## Problem to solve
Lines outside the range are not wanted. Give again exactly the lines between the line holding "Match Attax Bundesliga" and the line holding "A clean, high-contrast", inclusive, from the listing below.

## Study material
== Segment start ==

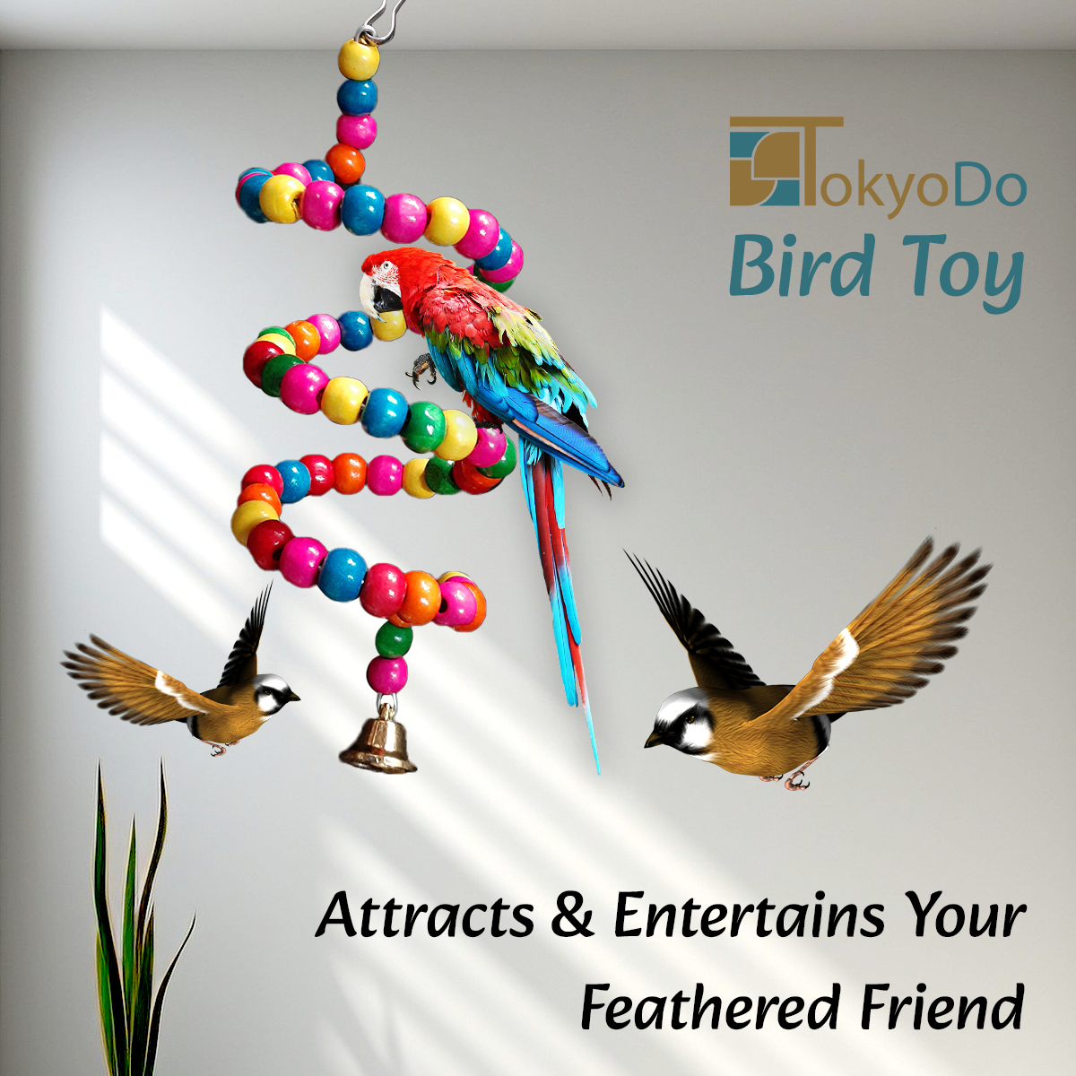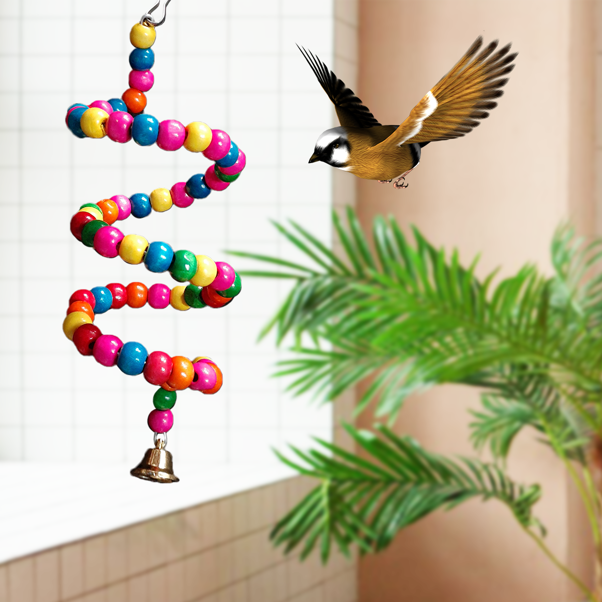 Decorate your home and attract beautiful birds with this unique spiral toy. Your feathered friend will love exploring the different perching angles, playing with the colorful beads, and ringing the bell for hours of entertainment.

== Segment end ==
== Segment start ==

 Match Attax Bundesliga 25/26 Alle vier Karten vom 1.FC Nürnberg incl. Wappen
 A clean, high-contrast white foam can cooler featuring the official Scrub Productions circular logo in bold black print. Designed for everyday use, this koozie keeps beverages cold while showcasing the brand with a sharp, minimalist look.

== Segment end ==

## Answer space
 Match Attax Bundesliga 25/26 Alle vier Karten vom 1.FC Nürnberg incl. Wappen
 A clean, high-contrast white foam can cooler featuring the official Scrub Productions circular logo in bold black print. Designed for everyday use, this koozie keeps beverages cold while showcasing the brand with a sharp, minimalist look.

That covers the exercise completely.